Bad heartbeats: `"still working"`, empty notes, sub-second intervals. Every few minutes max; skip entirely for tasks under ~2 minutes.
## Retry scenarios
If you open the task and `kanban_show` returns `runs: [...]` with one or more closed runs, you're a retry. The prior runs' `outcome` / `summary` / `error` tell you what didn't work. Don't repeat that path. Typical retry diagnostics:
- `outcome: "timed_out"` — the previous attempt hit `max_runtime_seconds`. You may need to chunk the work or shorten it.
- `outcome: "crashed"` — OOM or segfault. Reduce memory footprint.
- `outcome: "spawn_failed"` + `error: "..."` — usually a profile config issue (missing credential, bad PATH). Ask the human via `kanban_block` instead of retrying blindly.
- `outcome: "reclaimed"` + `summary: "task archived..."` — operator archived the task out from under the previous run; you probably shouldn't be running at all, check status carefully.
- `outcome: "blocked"` — a previous attempt blocked; the unblock comment should be in the thread by now.
## Do NOT
- Call `delegate_task` as a substitute for `kanban_create`. `delegate_task` is for short reasoning subtasks inside YOUR run; `kanban_create` is for cross-agent handoffs that outlive one API loop.

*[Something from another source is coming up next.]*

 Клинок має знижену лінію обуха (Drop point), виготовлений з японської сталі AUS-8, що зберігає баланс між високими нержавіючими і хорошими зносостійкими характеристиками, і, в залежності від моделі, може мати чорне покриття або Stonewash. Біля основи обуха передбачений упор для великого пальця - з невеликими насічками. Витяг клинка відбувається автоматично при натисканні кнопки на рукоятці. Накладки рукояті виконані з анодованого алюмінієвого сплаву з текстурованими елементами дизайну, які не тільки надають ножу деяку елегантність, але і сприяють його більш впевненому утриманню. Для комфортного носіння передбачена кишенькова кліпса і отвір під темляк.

- Modify files outside `$HERMES_KANBAN_WORKSPACE` unless the task body says to.
- Create follow-up tasks assigned to yourself — assign to the right specialist.

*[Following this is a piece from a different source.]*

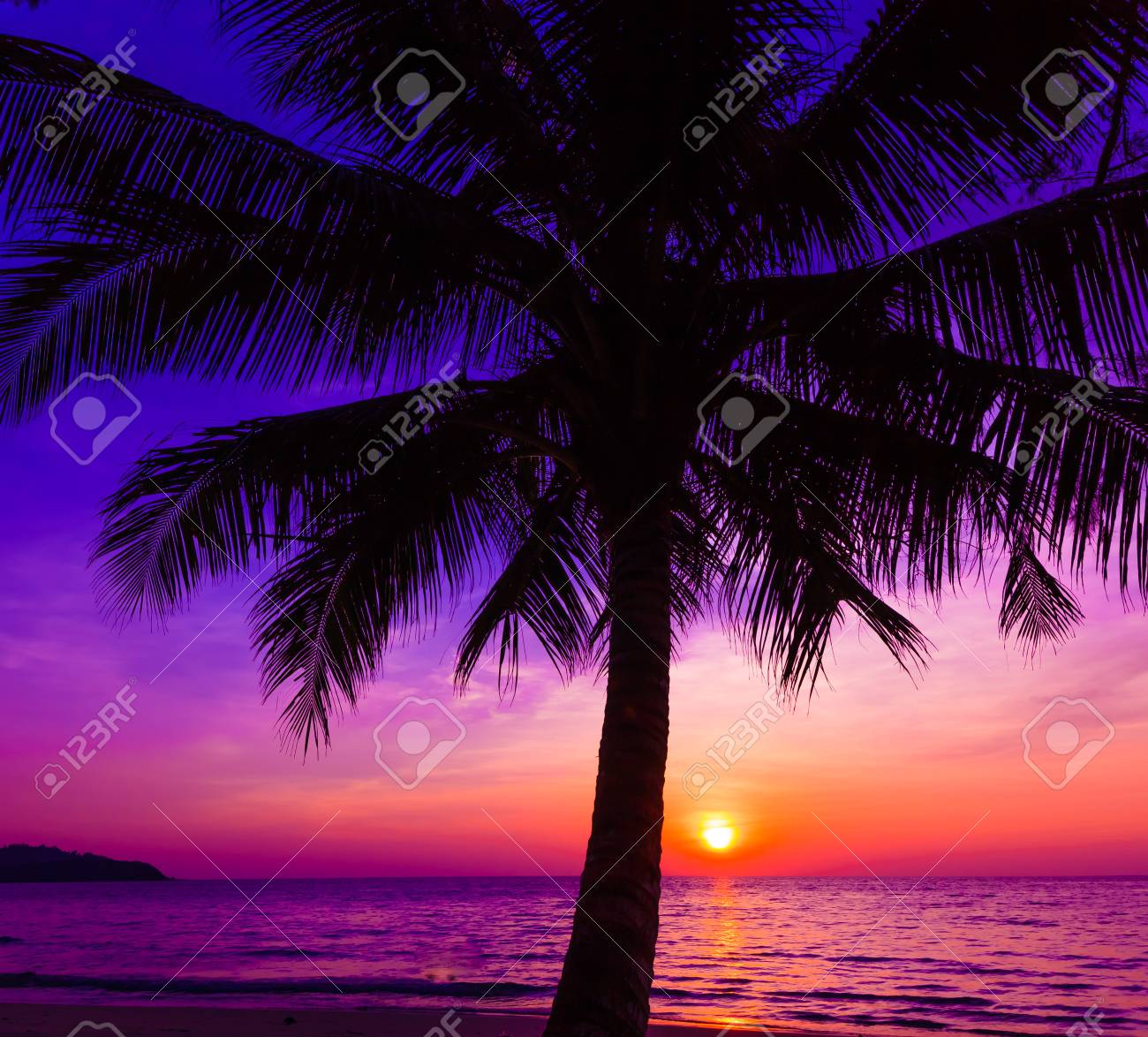 Beautiful Sunset Sunset Over The Ocean With Tropical Palm

- Complete a task you didn't actually finish. Block it instead.
## Pitfalls
**Task state can change between dispatch and your startup.** Between when the dispatcher claimed and when your process actually booted, the task may have been blocked, reassigned, or archived. Always `kanban_show` first. If it reports `blocked` or `archived`, stop — you shouldn't be running.
**Workspace may have stale artifacts.** Especially `dir:` and `worktree` workspaces can have files from previous runs. Read the comment thread — it usually explains why you're running again and what state the workspace is in.
**Don't rely on the CLI when the guidance is available.** The `kanban_*` tools work across all terminal backends (Docker, Modal, SSH). `hermes kanban <verb>` from your terminal tool will fail in containerized backends because the CLI isn't installed there. When in doubt, use the tool.
## CLI fallback (for scripting)
Every tool has a CLI equivalent for human operators and scripts:
- `kanban_show``hermes kanban show <id> --json`
- `kanban_complete``hermes kanban complete <id> --summary "..." --metadata '{...}'`
- `kanban_block``hermes kanban block <id> "reason"`
- `kanban_create``hermes kanban create "title" --assignee <profile> [--parent <id>]`
- etc.
Use the tools from inside an agent; the CLI exists for the human at the terminal.